Past research demonstrated that the presence of a robot gazing at individuals while they perform a task modulates attentional orienting25–26, social decision-making27, and engagement28. For example, in two studies, Spatola et al.24, 29 found that individuals’ performance in a Stroop task30 improved when participants were observed by a social robot rather than when they were observed by a non-social robot or when they were not being observed at all24. These results speak in favor of the social facilitation effect in human-robot interaction. However, in a recent work, Koban, Haggadone, and Banks (2021) did not find the same results using a similar Stroop paradigm31. The authors did not find a substantial difference in individuals’ performance when participants were playing alone or when they were observed by a robot or a human, suggesting the existence of additional contextual factors that might influence social facilitation processes in human-robot interaction (e.g., individual’s familiarity with the task or with the observer; task difficulty). Similarly, Belkaid et al.27 showed that social signals exhibited by a humanoid robot impair participants’ performance in a social decision-making task.

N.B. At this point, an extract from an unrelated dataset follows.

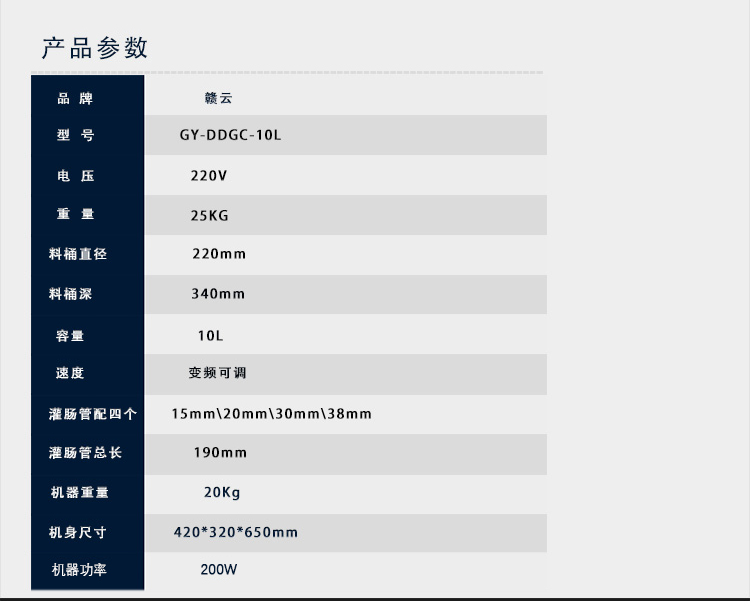 肉制品前處理->專(zhuān)用灌腸設(shè)備->電動(dòng)灌腸機(jī)10L | |||||||

One potential reason for such conflicting findings might be that the paradigms that are usually adopted to study social facilitation in human-robot interaction rely on classical attentional tasks that are not interactive (for example, the Stroop task30). In recent work, Irfan and colleagues (2018) highlighted the importance of adapting classical experimental paradigms to more natural human-robot interaction environments, intending to increase the ecological validity of the approach32. Furthermore, performance measures (i.e. accuracy, answer times) are often the only indicators used to assess participants’ cognitive (and attentional) engagement during human-robot interaction experiments. Recent literature demonstrated the potential that other measures of attention, such as eye-tracking metrics, may have in exploring social cognition mechanisms that underpin human-robot interaction33–34).
To explore the effect of the social presence in a human-robot interaction scenario, we designed a visual-search game, in which participants were asked to find a letter hidden within pictures of naturalistic photographs. To monitor subtle changes in the allocation of attentional resources, we asked participants to wear a mobile eye-tracker during the task.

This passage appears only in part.